The average age of participants was rather young (25.55) and many participants mentioned how they are used to embodying different avatars from video games. Therefore, different-gender avatars might not trigger any discomfort. This absence of discomfort when embodying different avatars might also explain the average presence score of 4.92 out of 7 which means that participants, despite embodying various avatars in a short period of time, felt predominantly present during the study.
Significant differences were found between the avatars for embodiment and SAM score. Regarding embodiment, the personalized same-gender avatar has a significantly higher score for acceptance and control compared to the non-personalized same-gender. There is also a significant difference between both personalized avatars. The avatar of the same gender was found to have a significantly higher acceptance and control score. For SAM values, there are also significant differences found between the personalized and non-personalized avatars of the same gender where valence and arousal are significantly higher for the personalized same-gender avatar. A significant difference was also found between the personalized and non-personalized avatars of the opposite-gender where arousal levels are higher for the personalized avatar of the opposite gender.
In summary, to answer our research question, the data in this study show that personalized avatars perform better than non-personalized avatars regarding embodiment score and SAM score, and they were rated higher regarding identity. In addition, this study found significant differences between avatars for embodiment and SAM score. Furthermore, the data hint at a correlation between color and embodiment for some avatars. Also, there are additional correlations found between personality traits, SAM score, and embodiment.
6. Limitations
We acknowledge that our work has limitations. Firstly, while physiological data from the participants were recorded through the E4 watch, this data might contain inaccuracies as participants were constantly moving their arms during the study which might cause the sensor to record inaccurate data. The psycho-physiological literature discusses a range of challenges related to the (real-time) assessment of a person’s physiological information. Most important are the ‘Baseline Problem’, the ‘Timing of Data Assessment Problem’, and the ‘Intensity of Emotion Problem’ [
53].
Secondly, Autobiography recall for the same emotion might be limited to a maximum number of uses. Some participants felt that they were already happy and recalling another happy memory did not cause a further change in mood.

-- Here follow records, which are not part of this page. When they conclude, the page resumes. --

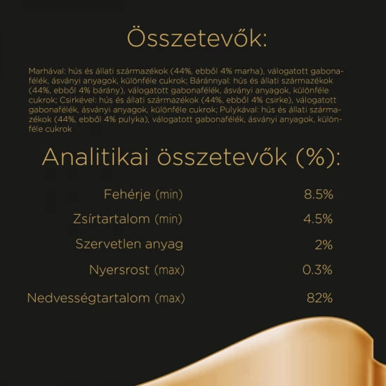 - Pulykával: hús és állati származékok (44%, ebből 4% pulyka), válogatott gabonafélék, ásványi anyagok, különféle cukrok
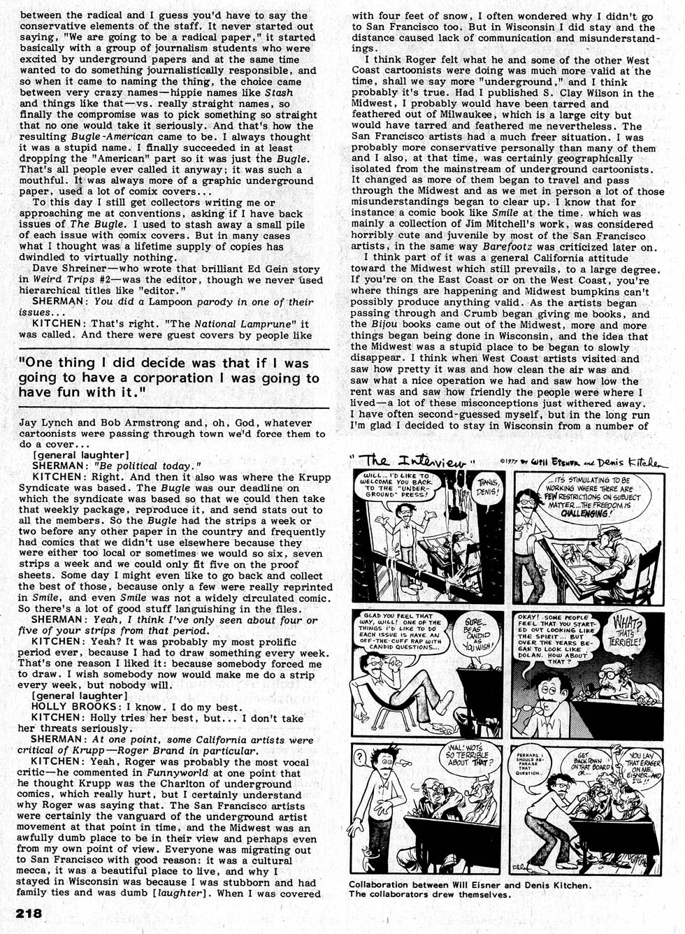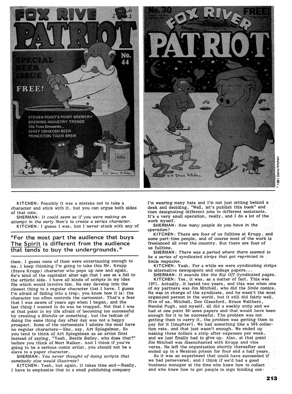 Kitchen was interviewed in The Comics Journal #63, page 214:
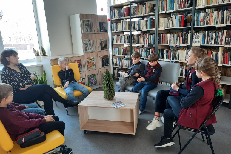 Gruodžio 23 dieną į biblioteką sugužėjo Karmėlavos Balio Buračo gimnazijos Ramučių skyriaus antrokai su mokytoja L. Bubliene. Vaikučiai dalyvavo lietuvių poetų sukurtų eilėraščių raiškiojo deklamavimo rytmetyje. Vaikai iš anksto ruošėsi šventei, mintinai išmoko po eilėraštį apie Kalėdas ir padeklamavo. Renginio metu klausėmės linksmų istorijų iš K. Kasparavičiaus knygelės „Kalėdos! Kalėdos!“ apie baltųjų lokių ir ožkų Kalėdas.
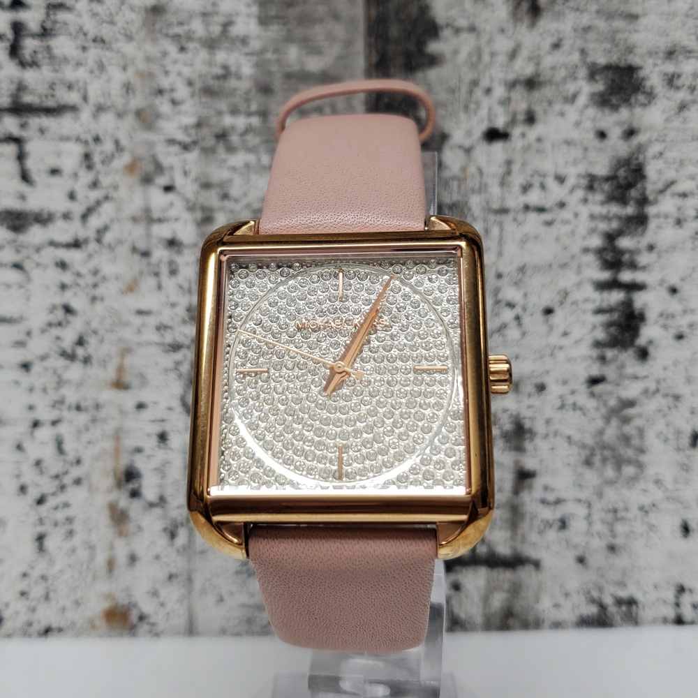 A stylish Michael Kors MK-2669 watch, featuring a radiant rose gold-tone finish, embellished with sparkling crystals for a touch of feminine elegance.

Thirdly, Ready Player Me was used for the avatar creation. This stylized avatar has its advantages as it tries to avoid the Uncanny Valley effect, an effect where an increase in robot or avatar realism might actually lead to an acceptance decrease [
54]. However, Ready Player Me also struggles to create avatars with more unusual faces, for example, smaller eyes or a bigger nose. As a result, the avatars from Ready Player Me looked somewhat similar and differences between the avatars might be subtle.
Fourthly, we conducted our study with 40 people only. While future work could explore how the findings generalize to larger populations, for example by means of out-of-the-lab studies [
55], our exploration still demonstrates the influence of avatar personalization on emotions in VR. Moreover, we did not consider the impact of the game itself nor the different groups of game players on the attitude towards the specific avatar.
Lastly, we considered healthy individuals only, leaving an investigation of users with potentially influencing factors for future work.